The Everyday Weight Of Wearing A Hijab In India

Several Muslim women who wear hijabs share their stories to highlight the discrimination, from disapproving looks to outright insults, they face everyday in India in both their personal and professional lives.

photo of women wearing hijabs during the Muharram procession in Srinagar, India

During the Muharram procession in Srinagar, India

Idrees Abbas/SOPA Images via ZUMA
Seemi Pasha

On September 20, 2022, the government of Karnataka told the Supreme Court that Muslims girls in Udupi were goaded into wearing a hijab to school by the Islamic Popular Front of India (PFI) through social media messages. The state government made the argument while responding to a petition challenging the ban on wearing a hijab to school imposed by Karnataka, and upheld by the state high court. Solicitor General Tushar Mehta told the apex court that wearing a hijab was part of a "larger conspiracy" orchestrated by the PFI to create social unrest.

On October 13 this year, the Supreme Court of India delivered a split verdict on pleas challenging the Karnataka high court order that had upheld the ban. A constitutional bench comprising the Chief Justice of India will now examine whether Muslim girls can or cannot wear a head scarf in school.

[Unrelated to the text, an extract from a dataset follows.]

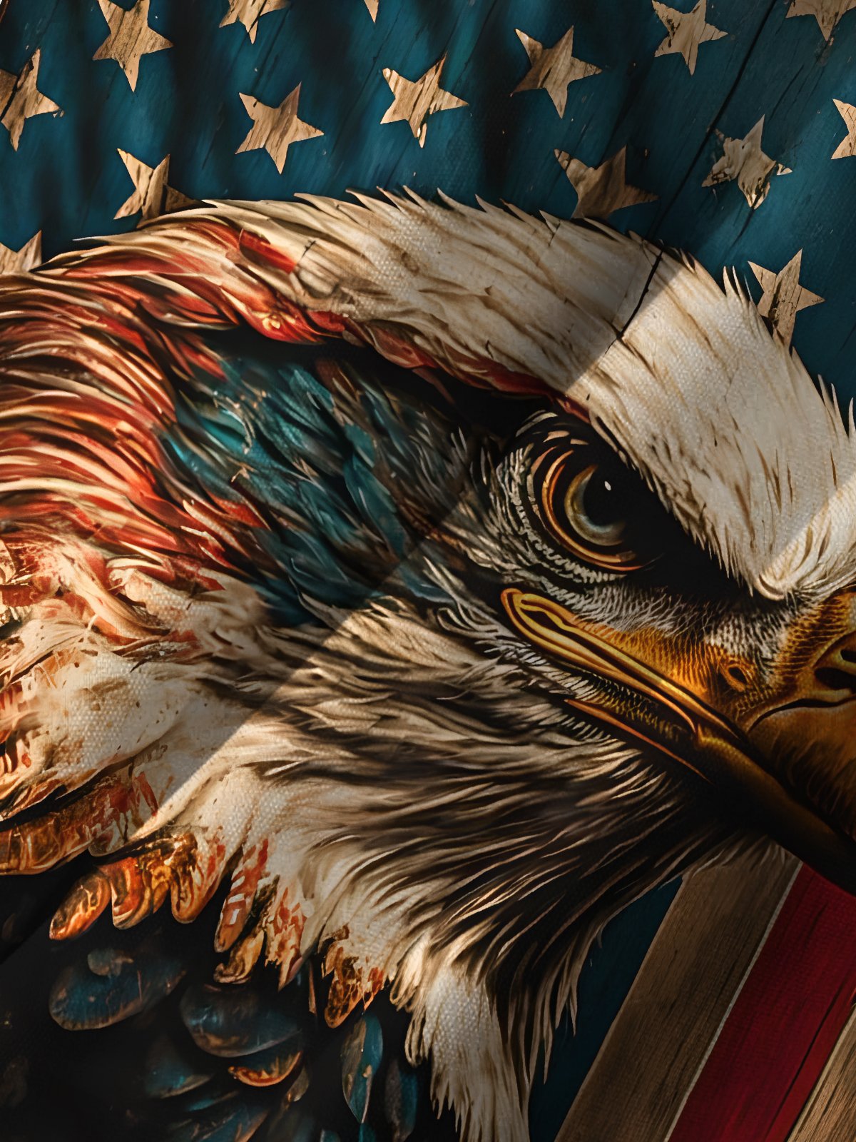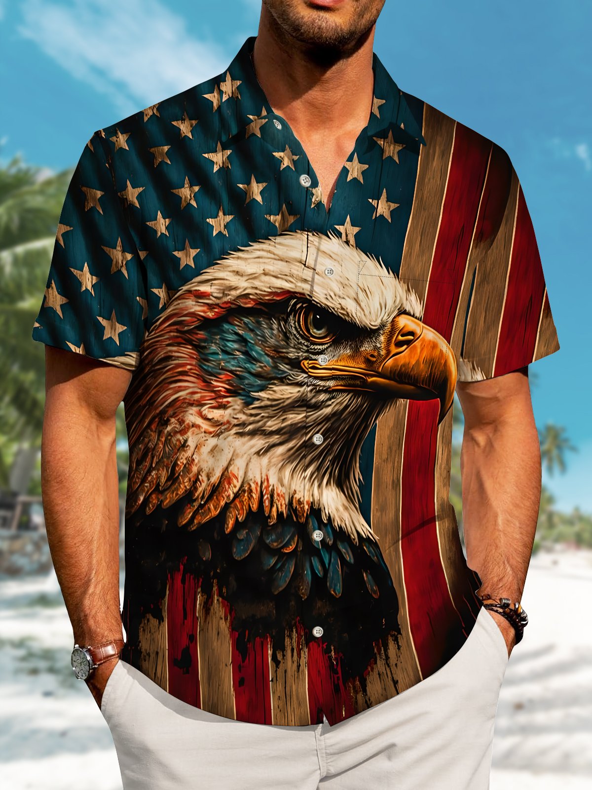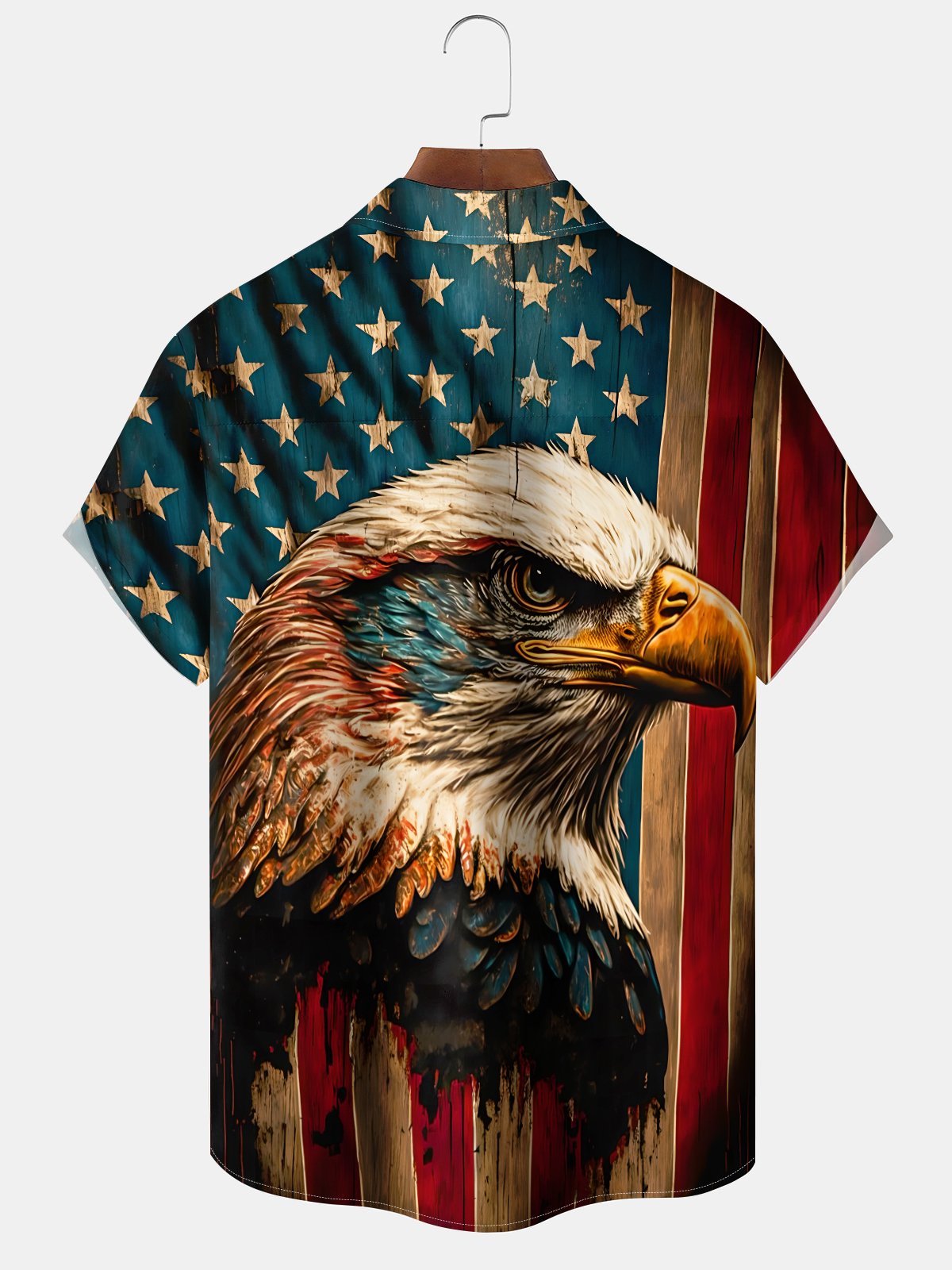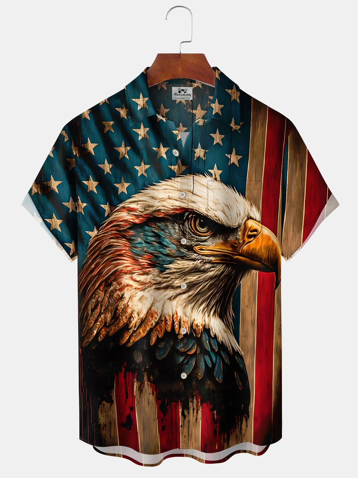 Alohadaddy Casual Independence Day American Flag Eagle Drawing Art Button Cardigan Pocket Stretch Large Size Long Short Sleeve Shirt

As of December 1 this year, there were 69,598 cases pending before the Supreme Court. The backlog includes petitions challenging the Modi government’s Citizenship (Amendment) Act 2019 and pleas challenging the government’s decision to dilute Article 370 of the Constitution. These have been pending for more than two years. Despite the urgency of matters that have been placed on the back burner, the apex court is being forced to spend its time deciding whether schoolgoing Muslim girls can get an education while wearing a head scarf, a tradition some Muslims believe is integral their faith.

The ban on wearing a hijab in classrooms may have highlighted the Karnataka government’s intolerance towards minorities, but the bias against the head scarf, it seems, is an old one.